Three points 𝐴, 𝐵, and 𝐶 with coordinates one, three; one, two; and four, one, respectively, are reflected in the 𝑥-axis to the points 𝐴 prime, 𝐵 prime, and 𝐶 prime. Determine the coordinates of 𝐴 prime, 𝐵 prime, and 𝐶 prime. Is the measure of angle 𝐴𝐵𝐶 less than, greater than, or equal to the measure of angle 𝐴 prime 𝐵 prime 𝐶 prime?
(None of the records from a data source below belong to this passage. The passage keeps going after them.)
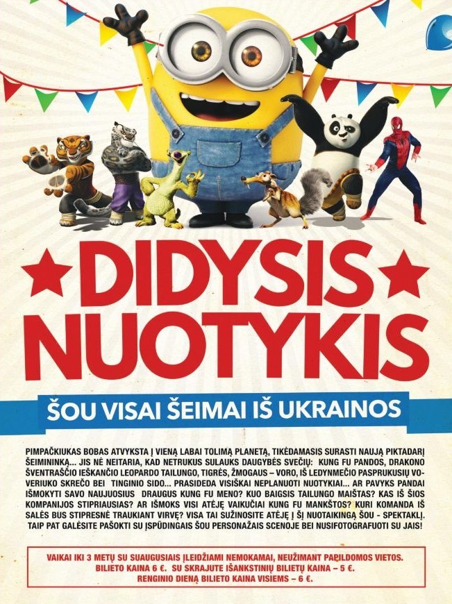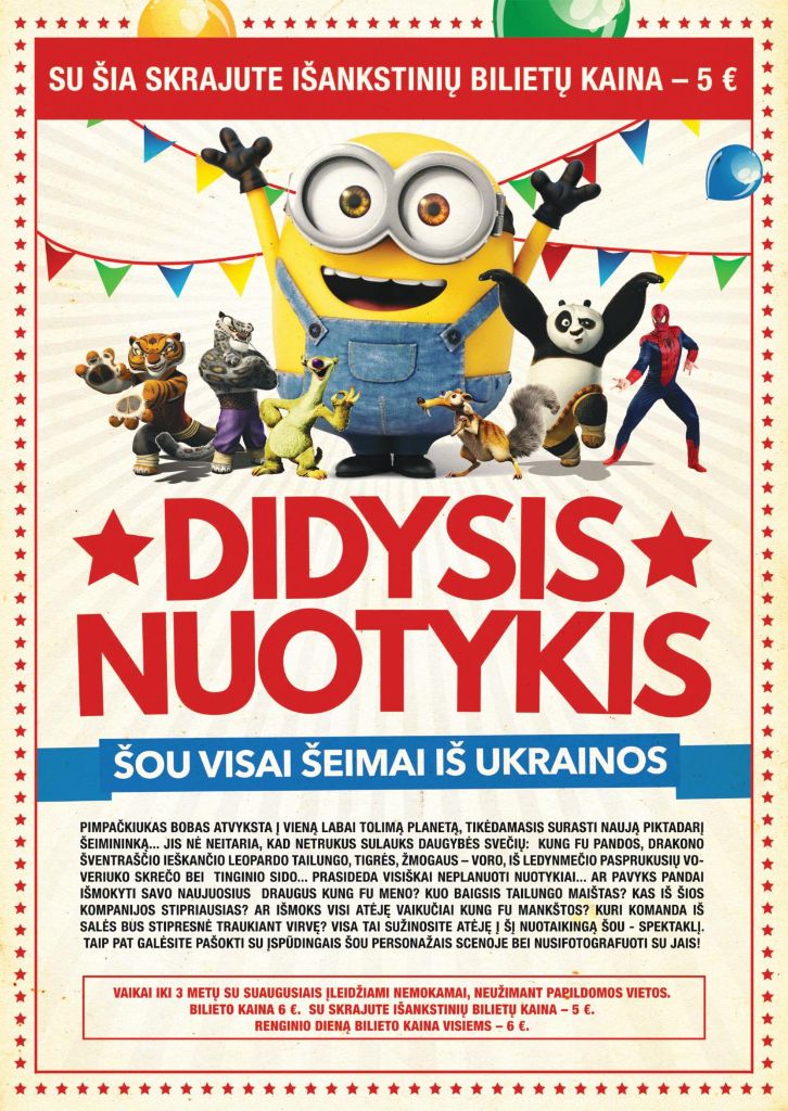 „Didysis nuotykis“ – šou visai šeima iš Ukrainos 2015-11-03 | (0) Tik dabar visi geriausių animacinių filmų herojai vienoje vietoje! Spektaklis Skuodo kultūros centre – lapkričio 6 d. 18 val. Įgarsinta lietuviškai. Prenumeruokite „Mūsų žodį“ 2026-iems metams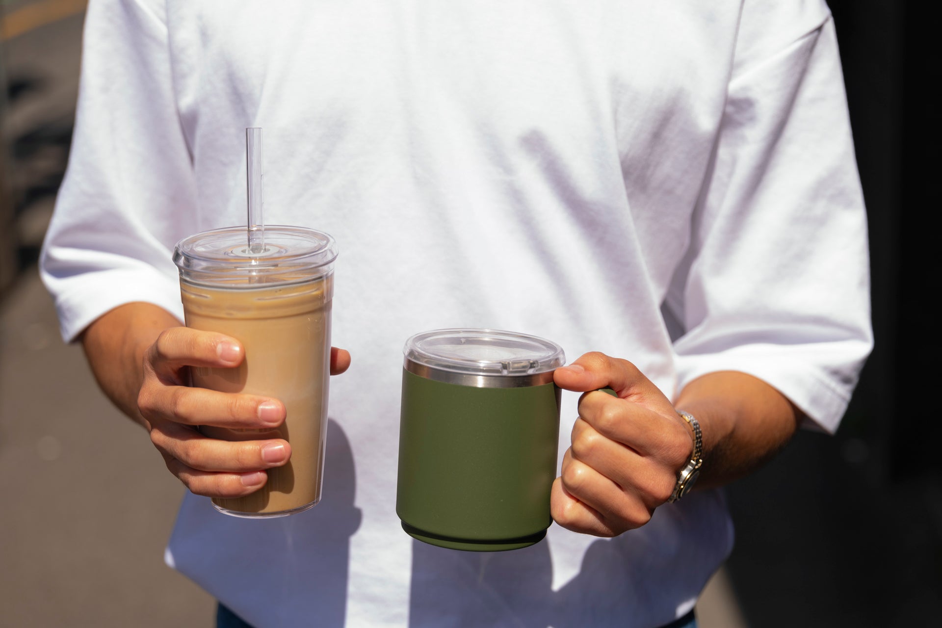 Recycled content: 90% recycled steel cup, 50% Tritan Renew clear plastic lid.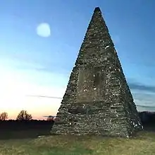A square, stone pyramid southwest of the fortress bears a plaque with the inscription: «Her bær den Sted nu Korn som fordum haffuer baaren den dyre Rigens Mand af Herren sielff udkaaren Jens Bielcke, som i Fem og Fyrretiuffe aar Rett Landsens Fader och To Kongers Kandtzler waar». The plaque also bears the coats of arms of Ove Bjelke and of his three wives, as well as a Latin text that says that Bjelke, "a much-loved eldest son and father' successor in office". The plaque suggests the monument was erected in 1665. Stylistically it is not likely that the pyramid was built in 1665,[43] and it is postulated that the memorial plaque was relocated from elsewhere to the pyramid when it was raised ain the 18th century, sometime before 1774.[44]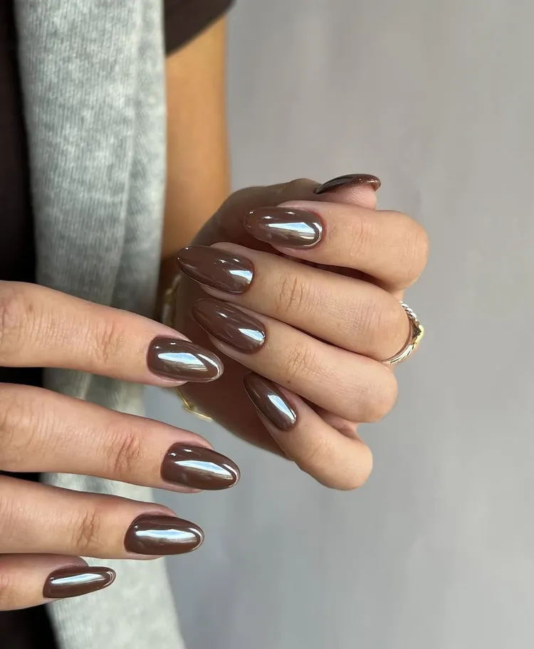 Top off your espresso nails with chrome powder for a frosty, cool-toned look. This adds extra shine and depth, making your nails appear ultra-polished and sophisticated. The chrome finish is perfect for fall and will make your nails the center of attention.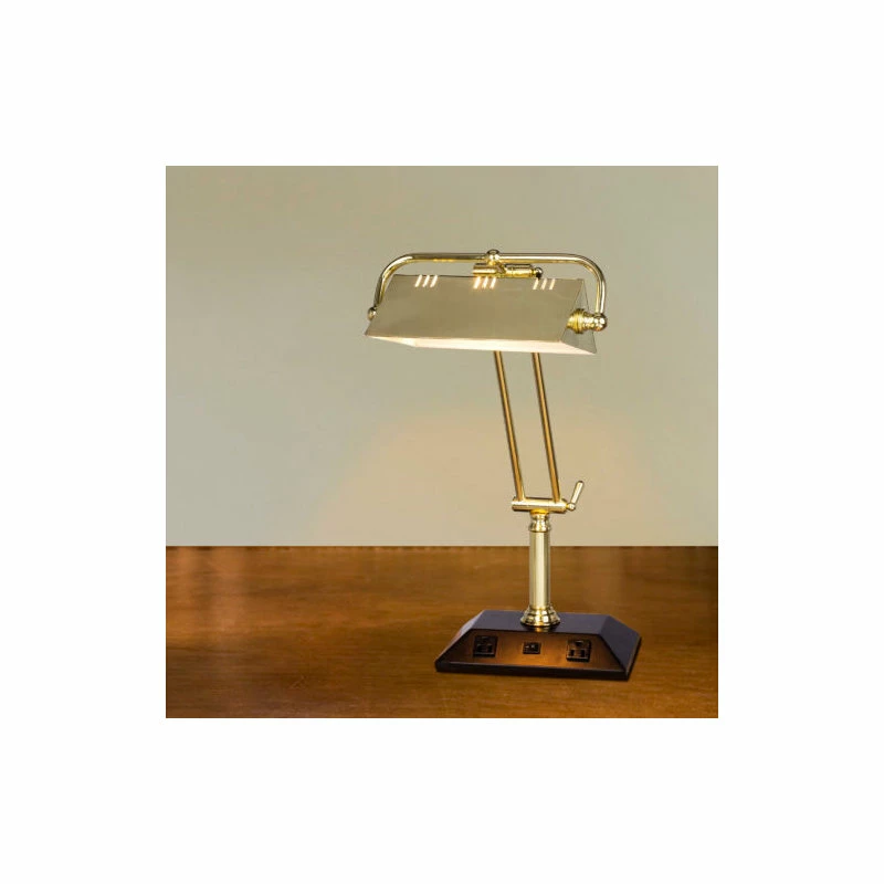 Fangio Lighting’s #1122 SB 24″ Metal Lamp is sure to become an instant favorite. Don’t sacrifice style for function! Illuminate your desired location while brilliantly showcasing your sense of style at the same time. The classic banker lamp design, has been brought into the present with the addition of two, tech friendly, convenience base outlets! Now you can continue working with all your handheld devices charging within reach. The Satin Brass finish wonderfully compliments any decor, while the open metal arm form aids in creating a sense of space. The lamp comes complete with an easy to use on/off rocker base switch and a matching metal shade. The light uses a 40 max-watt bulb (not included.) Bring this item home and you’ll infuse a refined touch of elegance immediately into any room! Whether you love Traditional charm or enjoy making a sleek, Modern statement this is the lamp for you! Item is both UL and CSA listed.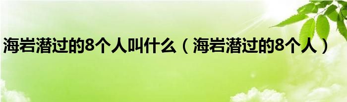 关于海岩潜过的8个人叫什么,海岩潜过的8个人这个很多人还不知道,今天菲菲来为大家解答以上的问题,现在让我们一起来看看吧!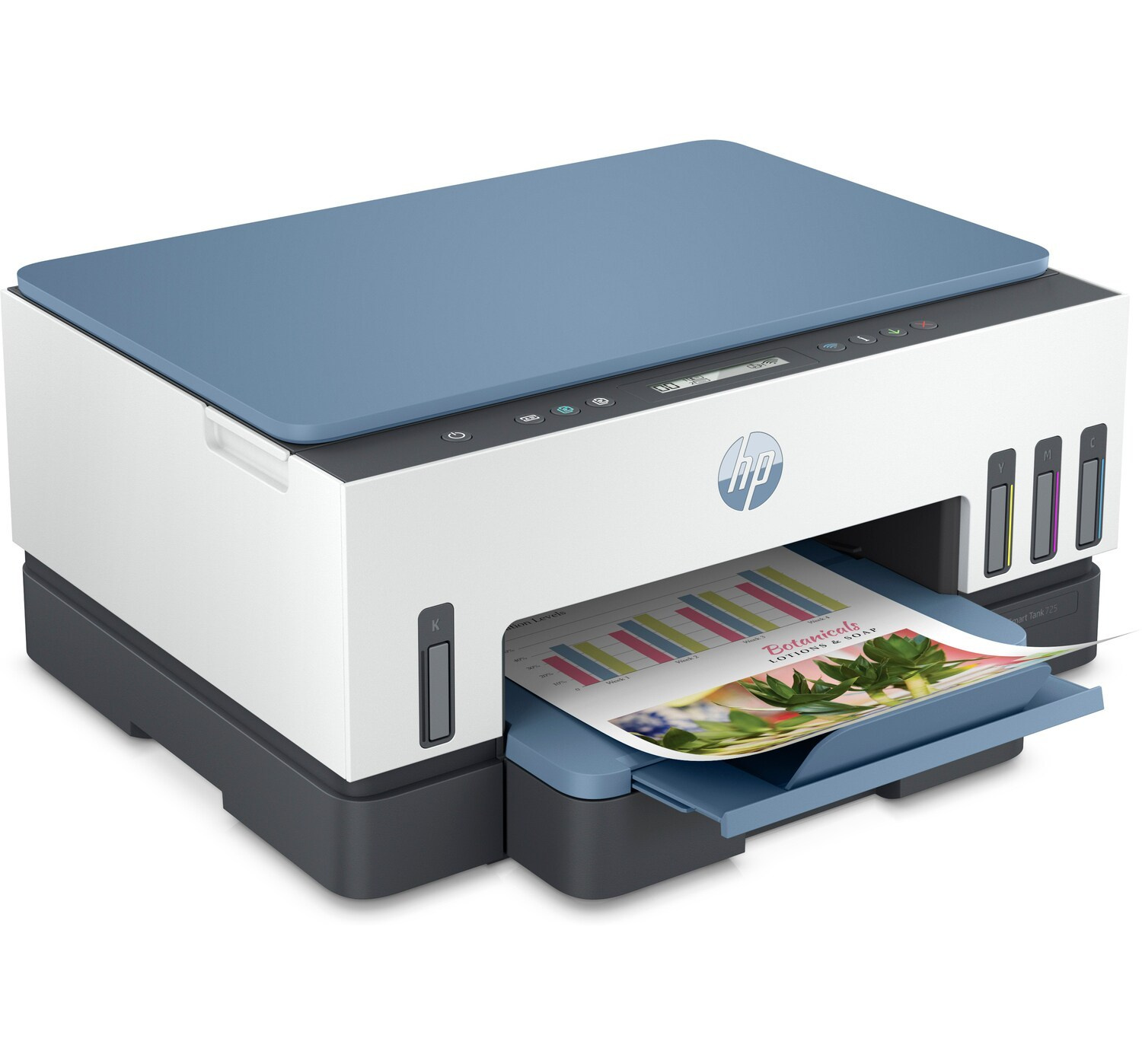 Contenuto della confezione: HP Smart Tank 725 All-in-One; 3x 135ml bottiglia originale di inchiostro nero HP GT53XL; Bottiglia originale di inchiostro ciano HP GT52; Bottiglia originale di inchiostro magenta HP GT52; Bottiglia originale di inchiostro giallo HP GT52; Cavo di alimentazione; Testina di stampa nera HP; Testina di stampa a tre colori HP; Guida all'installazione; Manuale di riferimento; Volantino di avviso sull'inchiostro; Volantino normativo; Volantini di garanzia; Ulteriori informazioni sul riempimento e sul rendimento sono disponibili all'indirizzo http://www.hp.com/go/learnaboutsupplies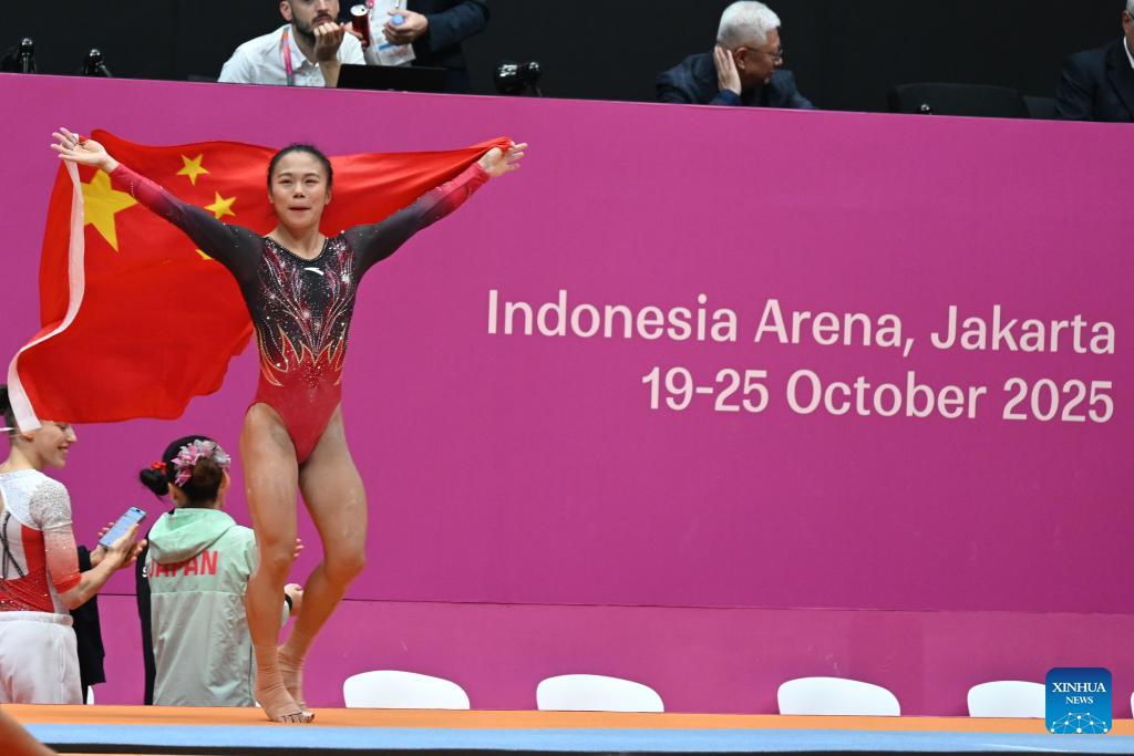 JAKARTA, Oct. 25 (Xinhua) -- China wrapped up the 53rd Artistic Gymnastics World Championships in Jakarta, Indonesia, on Saturday with three gold, one silver and three bronze medals, as Zhang Qingying and Zou Jingyuan claimed gold on the final day of competition.
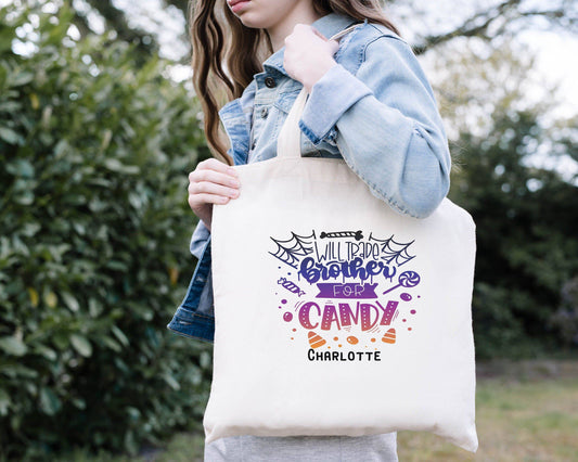 Will Trade Brother For Candy Trick or Treat Bag - Personalized Halloween Bag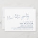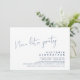 Det här är bröllopsflyktens festinbjudningskort, med minimalism / minimalistisk Navy Blue scriptdesign (Nu låter vi party Inbjudan)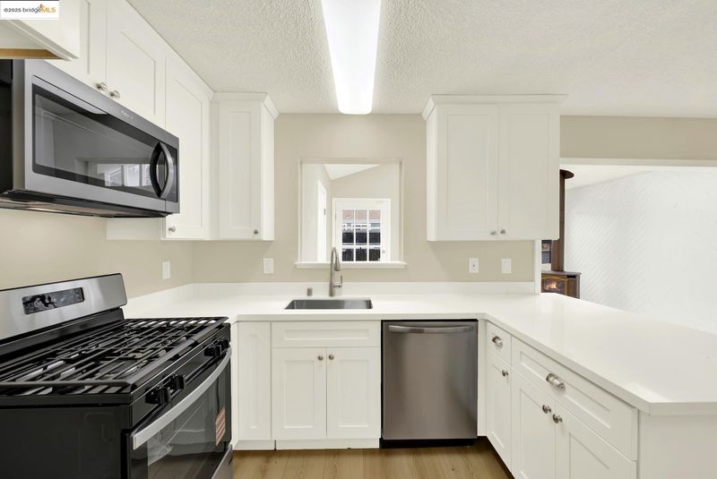 Just Finished Updating, Move-In Condition! This may be the only unit with a Family Room with free-standing stove Off the Kitchen and Dining Room. Kitchen features Quartz Counters, new Cabinets, Gas Stove, Microwave and Breakfast Bar. Conveniently located in the kitchen is a laundry closet for washer/dryer and an 1/2 bathroom. The upstairs consists of an updated bathroom and 2 bedrooms. One Bedroom is larger with 2 closets. There is carport parking behind the unit. Conveniently located off Highway 80, Shopping centers, The bay and more.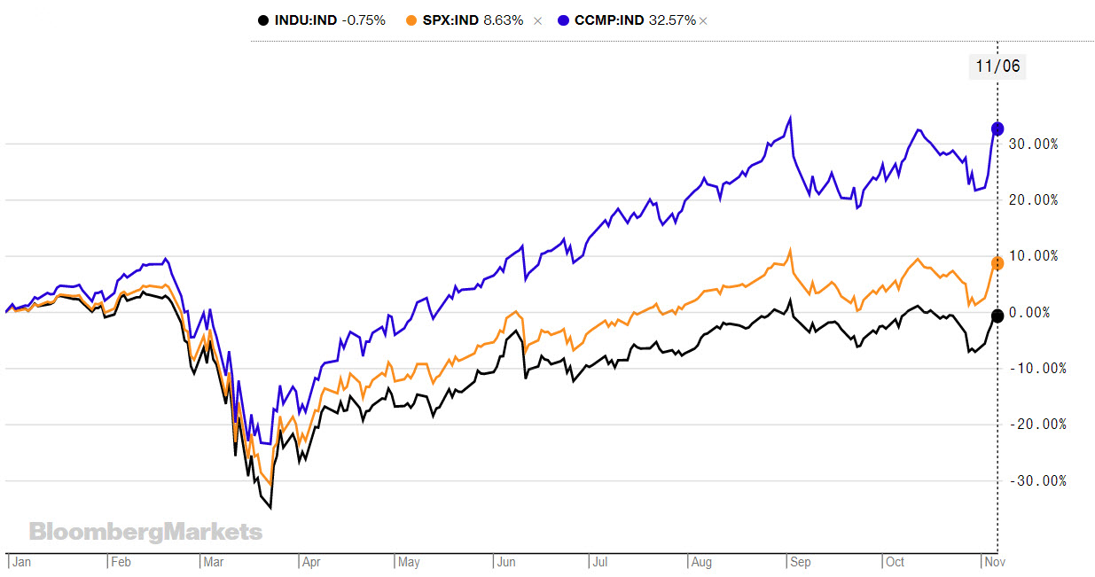 حيث تصاعد الاًصوات لصالح المرشح الديمقراطي في الأسبوع الماضي أنهت الأسواق الأمريكية تداولاتها بإيجابية مع ارتفاع مؤشر “داو جونز” بنسبة 6.9٪ وارتفع مؤشر “ستاندرد آند بورز 500” 7.3٪ وقفز مؤشر “ناسداك” 9٪.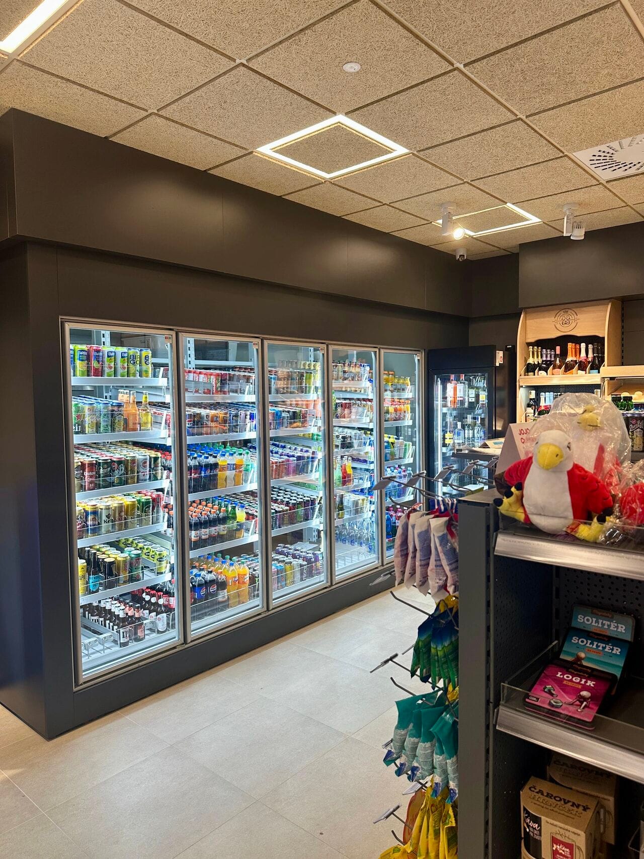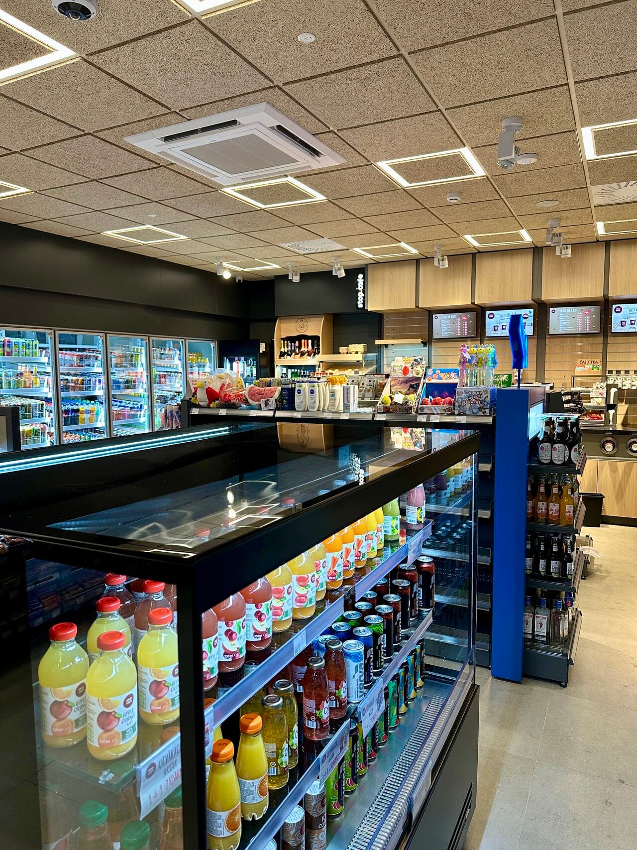 А холодильная витрина вынесена вперед и повернута прямо к клиентам. Можно быстро выбрать понравившиеся продукты без ожидания.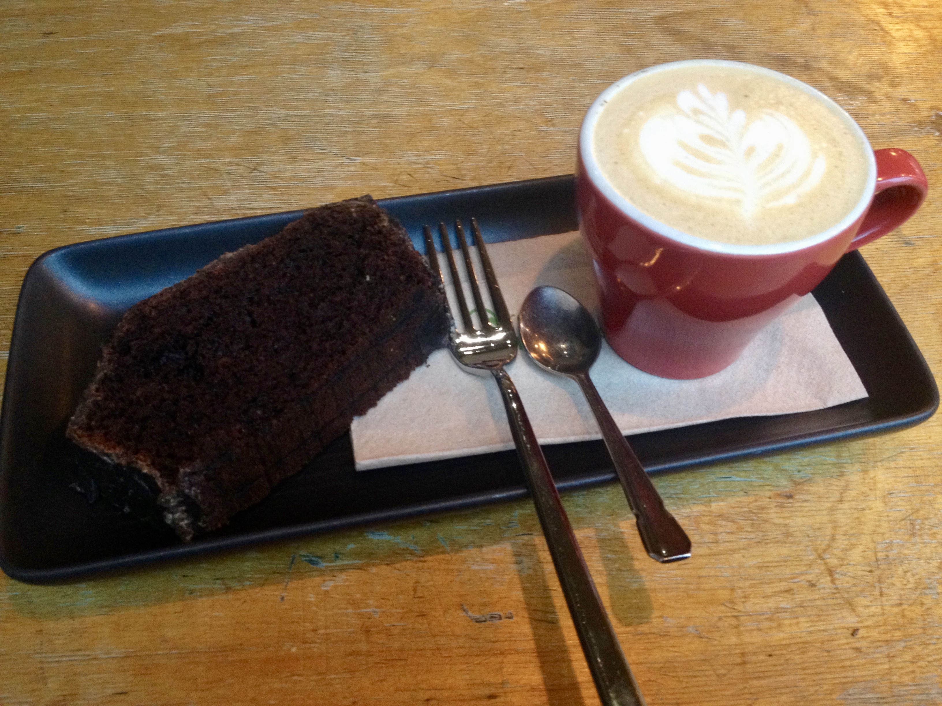 I creaked into action this morning as I had an 8.30 appointment in town after an intense four hour heavy sleep. My mind blurred by a heady alcohol free hangover feeling, I made a bee line for the nearest independent coffee place after I dropped my car off and ordered the above. It’s a vegan chocolate fudge cake which looked enticing enough but left a strange sensation in my mouth. After the week I’ve had, I felt I’d deserved a slightly naughty treat. I’ve tried a vegan chocolate brownie before which was ok but orangey and dense. My curiosity undeterred, in I went for another go. I don’t think vegan is for me, despite the global benefits. When the barista asked how everything was, I was honest in my feedback and thought afterwards I should have kept my mouth shut. There was nothing wrong with it. It just wasn’t right. I’m not vegan and I’m afraid I like cow. The coffee on the other hand was great.

We recall first that a reflection in the 𝑥-axis maps a point with coordinates 𝑥, 𝑦 to the point with coordinates 𝑥, negative 𝑦. The 𝑥-coordinate stays the same, and the 𝑦-coordinate is multiplied by negative one. We can then apply this transformation to each point separately. Point 𝐴, which has coordinates one, three, is mapped to the point one, negative three. Point 𝐵 with coordinates one, two is mapped to one, negative two. And point 𝐶 with coordinates four, one is mapped to four, negative one.

To answer the second part of the question, it may be helpful to sketch the points 𝐴, 𝐵, and 𝐶 together with their images 𝐴 prime, 𝐵 prime, and 𝐶 prime on a coordinate grid. The angles we’re interested in are angle 𝐴𝐵𝐶 and angle 𝐴 prime 𝐵 prime 𝐶 prime, which are marked on the figure. We can see that these are both obtuse angles, which appear to be of equal measure. If we recall that reflections map a geometric figure to a congruent geometric figure, then we can deduce that angles 𝐴𝐵𝐶 and 𝐴 prime 𝐵 prime 𝐶 prime must be of equal measure, as they are corresponding angles in congruent triangles.

So we’ve completed the problem. We’ve found the coordinates of 𝐴 prime, 𝐵 prime, and 𝐶 prime and determined that the two angles are of equal measure.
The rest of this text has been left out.